▶ PROBLEM DETAILS
Pictures aside, output each record exactly.

▶ PROVIDED DATA
---+---

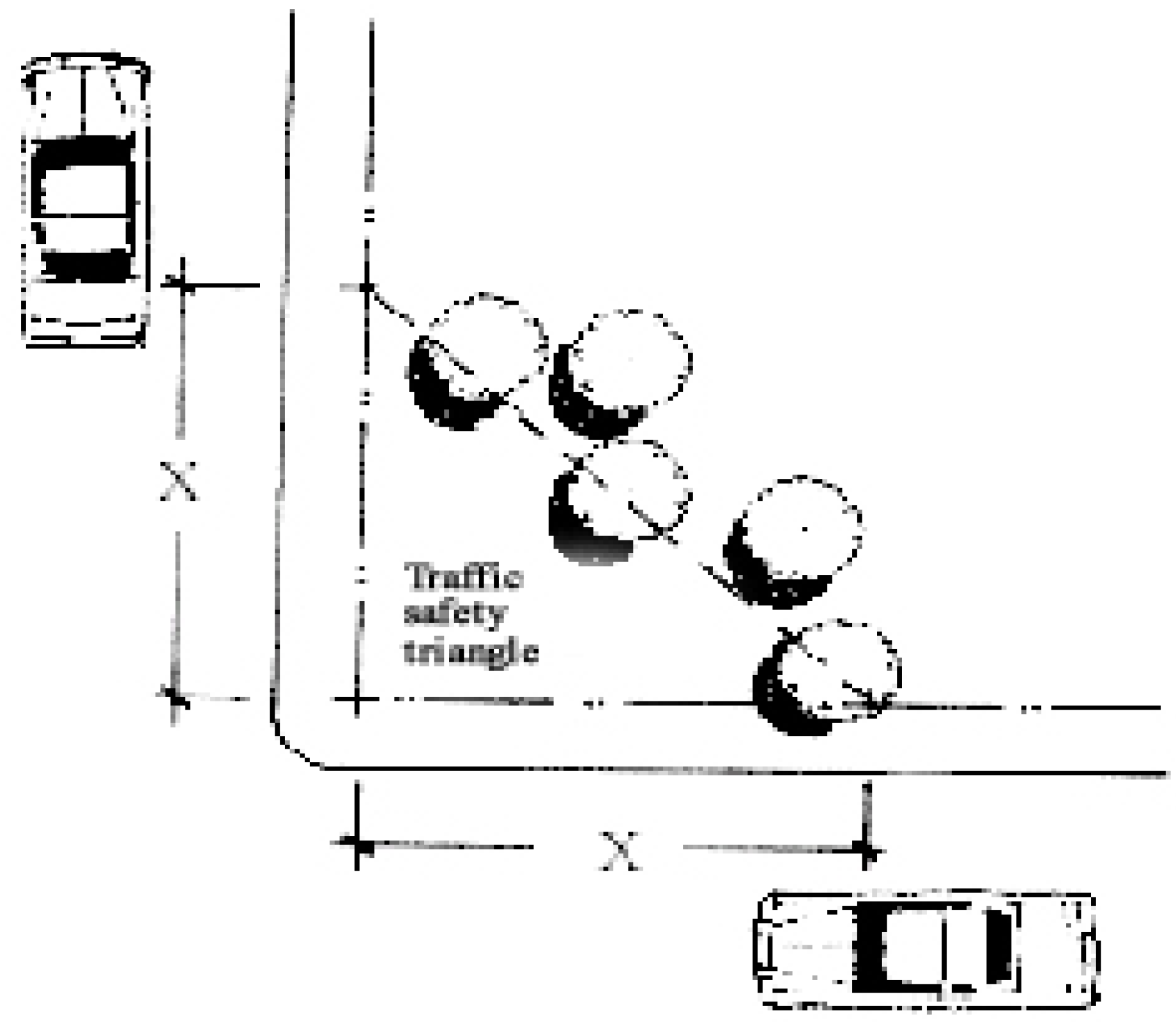 Traffic safety triangle means a space that is set aside on a street corner or driveway entrance in which all visual obstructions (e.g., structures and plantings) that can prevent visibility, and thus could be a hazard to traffic and pedestrian safety, are prohibited.
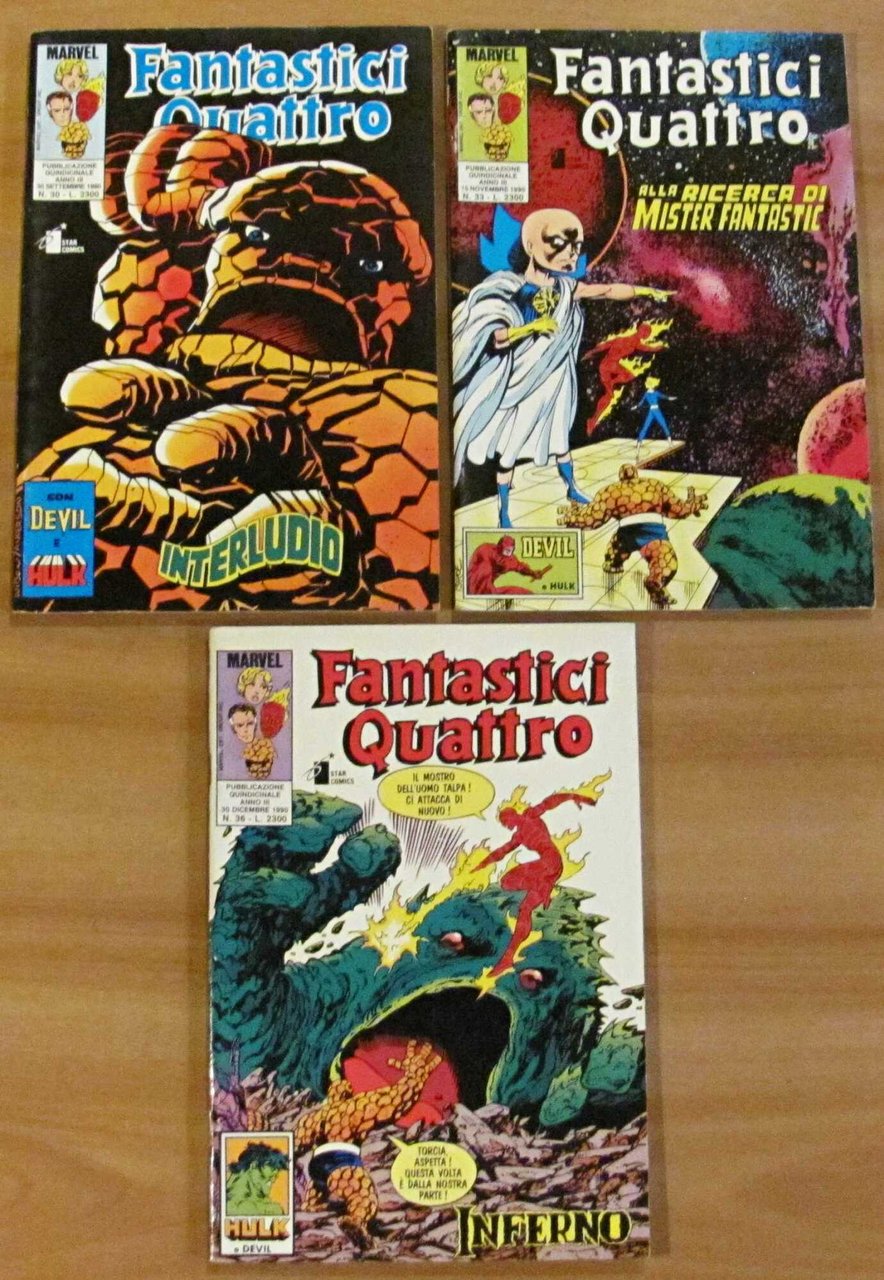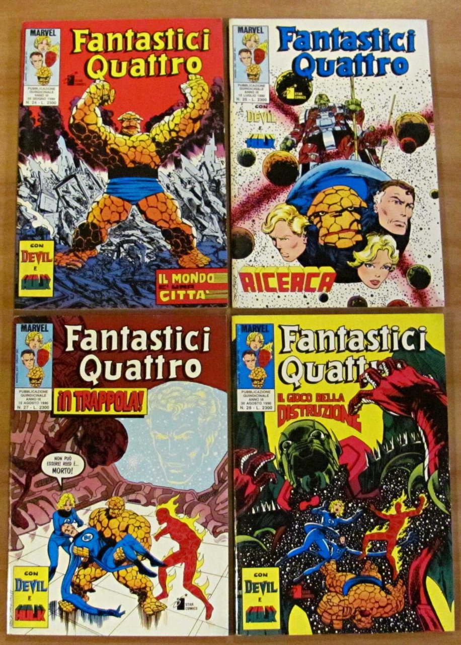 Lotto di 15 fumetti I Fantastici Quattro: N.5 - Febbraio 1989 - Missione per un uomo morto; N.7 - Aprile 1989 - Quattro contro; N.9 - Giugno 1989 - Dentro agli occhi; N.17 - Febbraio 1990 - Fine dell'infanzia; N.18 - Marzo 1990 - Destini incrociati; N.20 - Aprile 1990 - Incubo; N.22 - Maggio 1990 - Il fattore X; N.23 - 5 Giugno 1990 - Nella zona negativa; N.24 - 20 Giugno 1990 - Il mondo è una città; N.25 - 15 Luglio 1990 - Ricerca; N.27 - 15 Agosto 1990 - In trappola; N.28 - 30 Agosto 1990 - Il gioco della distruzione; N.30 - 30 Settembre 1990 - Interludio; N.33 - 15 Novembre 1990 - Alla ricerca di Mister Fantastic; N.36 - 30 Dicembre 1990 - Inferno. Ed. Marvel - Star Comics - Perugia, 1989/90. Brossure editoriali con lievissimi segni del tempo alle copertine. Interni freschissimi e puliti. 17x25. Buonissimo stato. , Molto buono (Very Good)
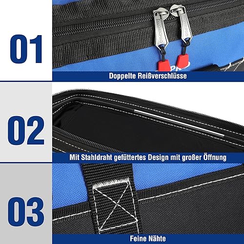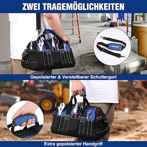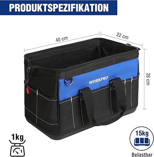 WORKPRO Werkzeugtasche Elektriker Wasserdichte Werkzeugtasche Profi, weite Öffnung & große Kapazität 40CM/16' aus 600D Polyester, Schultergurt verstellbar, Multifunktion für Heimwerker Handwerker
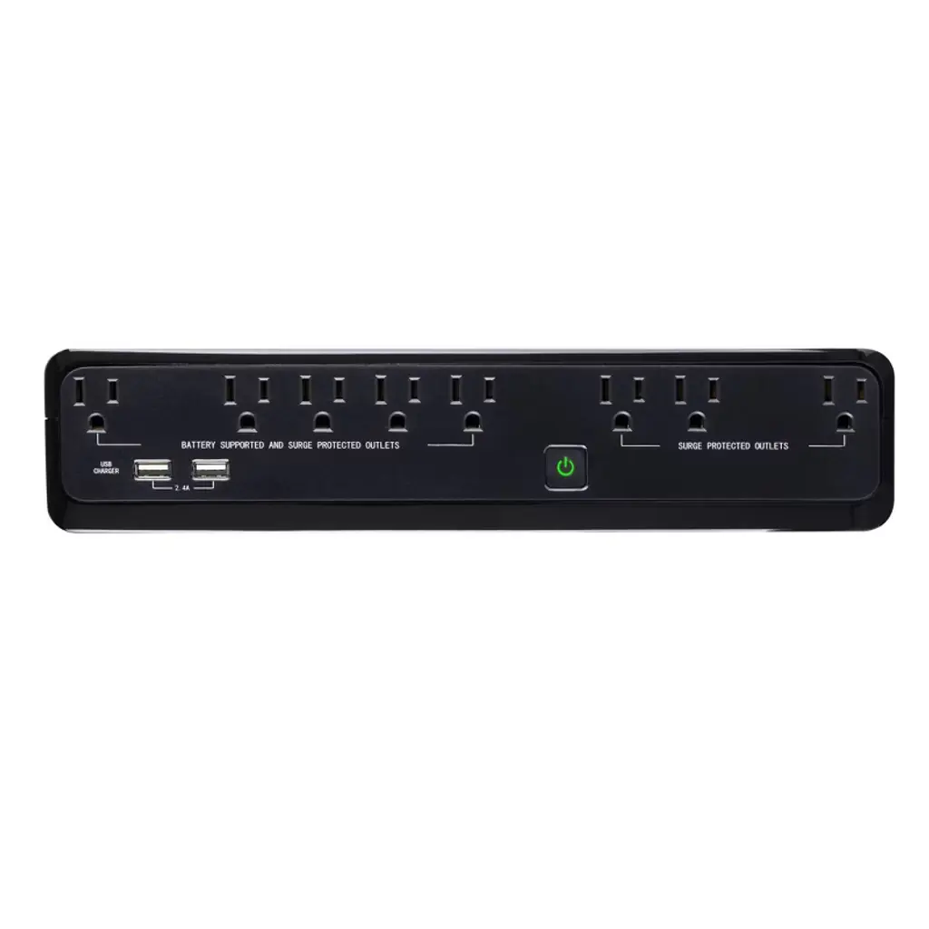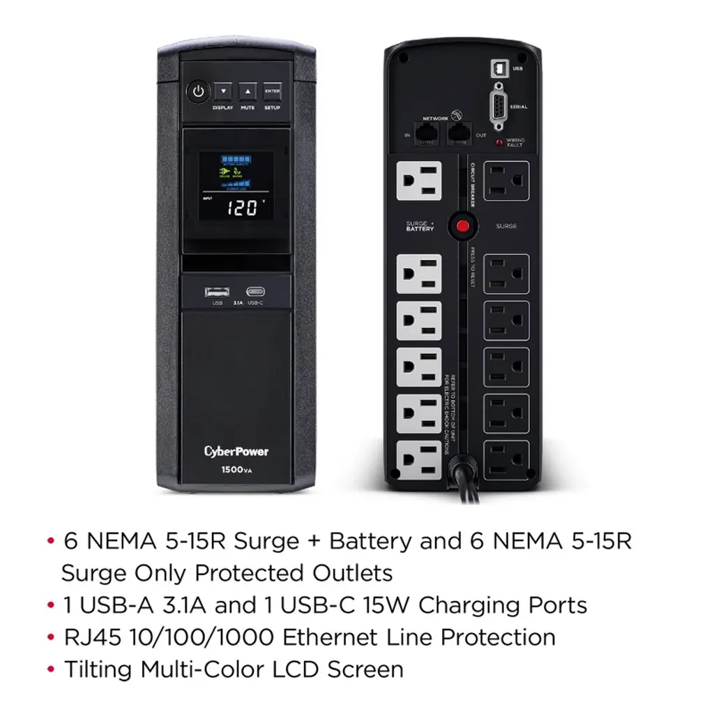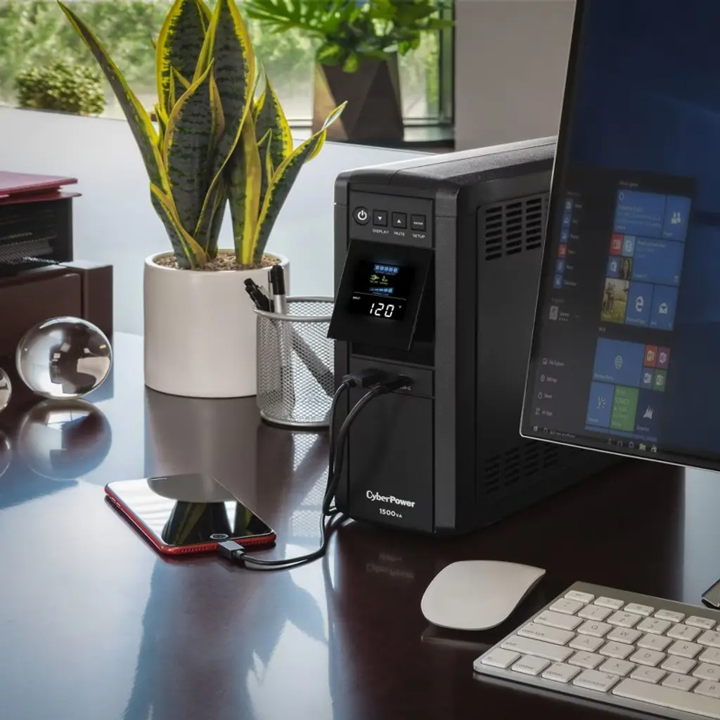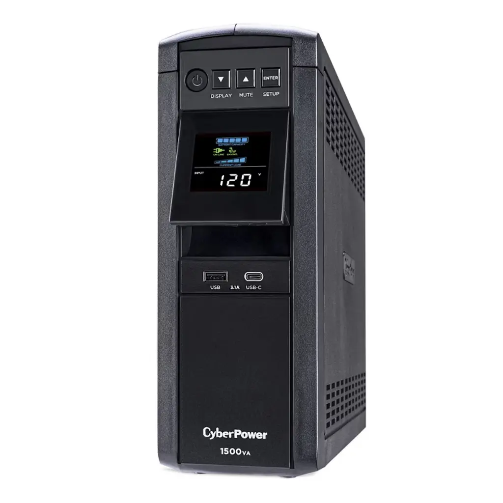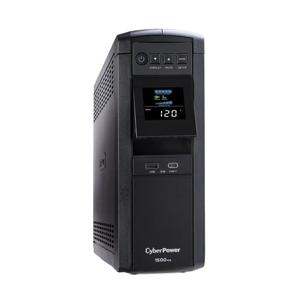 A mini-tower UPS with line interactive topology, the CyberPower GX1500U provides battery backup (using sine wave output) and surge protection for high end desktop computers, TVs, home theater equipment, gaming systems, and networking devices requiring active PFC power source compatibility. The GX1500U features an advanced multifunction control panel with a color LCD to quickly confirm status and alerts at-a-glance. The screen tilts for easy viewing when the UPS is placed in a low position such as under a desk. Two USB charge ports (one Type-A and one Type-C) power portable devices such as mobile phones and tablets, even during a utility power failure. The GX1500U uses Automatic Voltage Regulation (AVR) to correct minor power fluctuations without switching to battery power, which extends battery life. AVR is essential in areas where power fluctuations occur frequently. The GX1500U comes with a three-year warranty (including coverage of batteries) and a $500,000 Connected Equipment Guarantee.
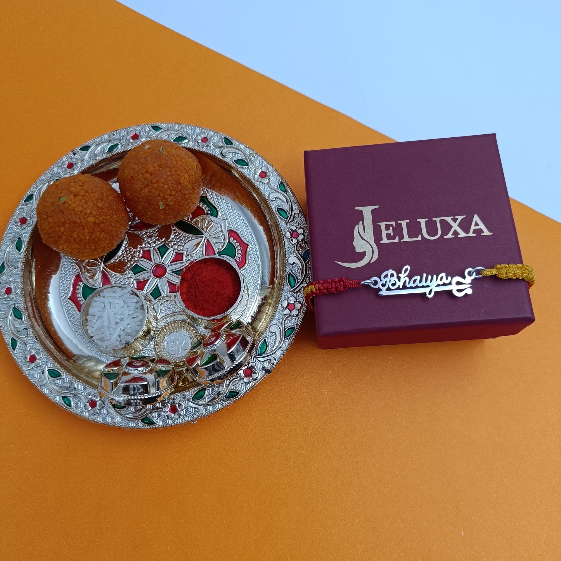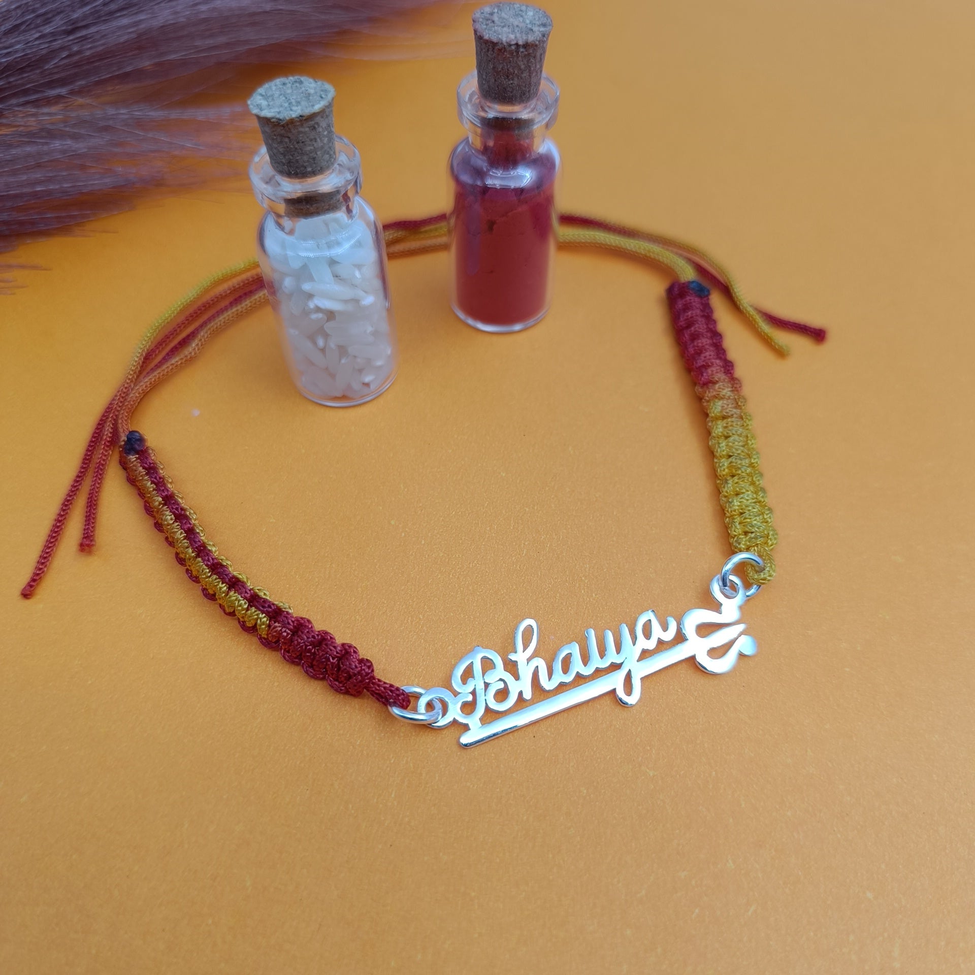 A beautifully crafted Silver Rakhi for your brother, featuring intricate detailing and a stylish "Bhaiya" design. This elegant Rakhi is a perfect blend of tradition and sophistication, symbolizing love, protection, and the cherished bond between siblings. Ideal for celebrating Raksha Bandhan, this Rakhi will make your brother feel special and loved.

---+---

▶ TASK RESPONSE
 Traffic safety triangle means a space that is set aside on a street corner or driveway entrance in which all visual obstructions (e.g., structures and plantings) that can prevent visibility, and thus could be a hazard to traffic and pedestrian safety, are prohibited.
 Lotto di 15 fumetti I Fantastici Quattro: N.5 - Febbraio 1989 - Missione per un uomo morto; N.7 - Aprile 1989 - Quattro contro; N.9 - Giugno 1989 - Dentro agli occhi; N.17 - Febbraio 1990 - Fine dell'infanzia; N.18 - Marzo 1990 - Destini incrociati; N.20 - Aprile 1990 - Incubo; N.22 - Maggio 1990 - Il fattore X; N.23 - 5 Giugno 1990 - Nella zona negativa; N.24 - 20 Giugno 1990 - Il mondo è una città; N.25 - 15 Luglio 1990 - Ricerca; N.27 - 15 Agosto 1990 - In trappola; N.28 - 30 Agosto 1990 - Il gioco della distruzione; N.30 - 30 Settembre 1990 - Interludio; N.33 - 15 Novembre 1990 - Alla ricerca di Mister Fantastic; N.36 - 30 Dicembre 1990 - Inferno. Ed. Marvel - Star Comics - Perugia, 1989/90. Brossure editoriali con lievissimi segni del tempo alle copertine. Interni freschissimi e puliti. 17x25. Buonissimo stato. , Molto buono (Very Good)
 WORKPRO Werkzeugtasche Elektriker Wasserdichte Werkzeugtasche Profi, weite Öffnung & große Kapazität 40CM/16' aus 600D Polyester, Schultergurt verstellbar, Multifunktion für Heimwerker Handwerker
 A mini-tower UPS with line interactive topology, the CyberPower GX1500U provides battery backup (using sine wave output) and surge protection for high end desktop computers, TVs, home theater equipment, gaming systems, and networking devices requiring active PFC power source compatibility. The GX1500U features an advanced multifunction control panel with a color LCD to quickly confirm status and alerts at-a-glance. The screen tilts for easy viewing when the UPS is placed in a low position such as under a desk. Two USB charge ports (one Type-A and one Type-C) power portable devices such as mobile phones and tablets, even during a utility power failure. The GX1500U uses Automatic Voltage Regulation (AVR) to correct minor power fluctuations without switching to battery power, which extends battery life. AVR is essential in areas where power fluctuations occur frequently. The GX1500U comes with a three-year warranty (including coverage of batteries) and a $500,000 Connected Equipment Guarantee.
 A beautifully crafted Silver Rakhi for your brother, featuring intricate detailing and a stylish "Bhaiya" design. This elegant Rakhi is a perfect blend of tradition and sophistication, symbolizing love, protection, and the cherished bond between siblings. Ideal for celebrating Raksha Bandhan, this Rakhi will make your brother feel special and loved.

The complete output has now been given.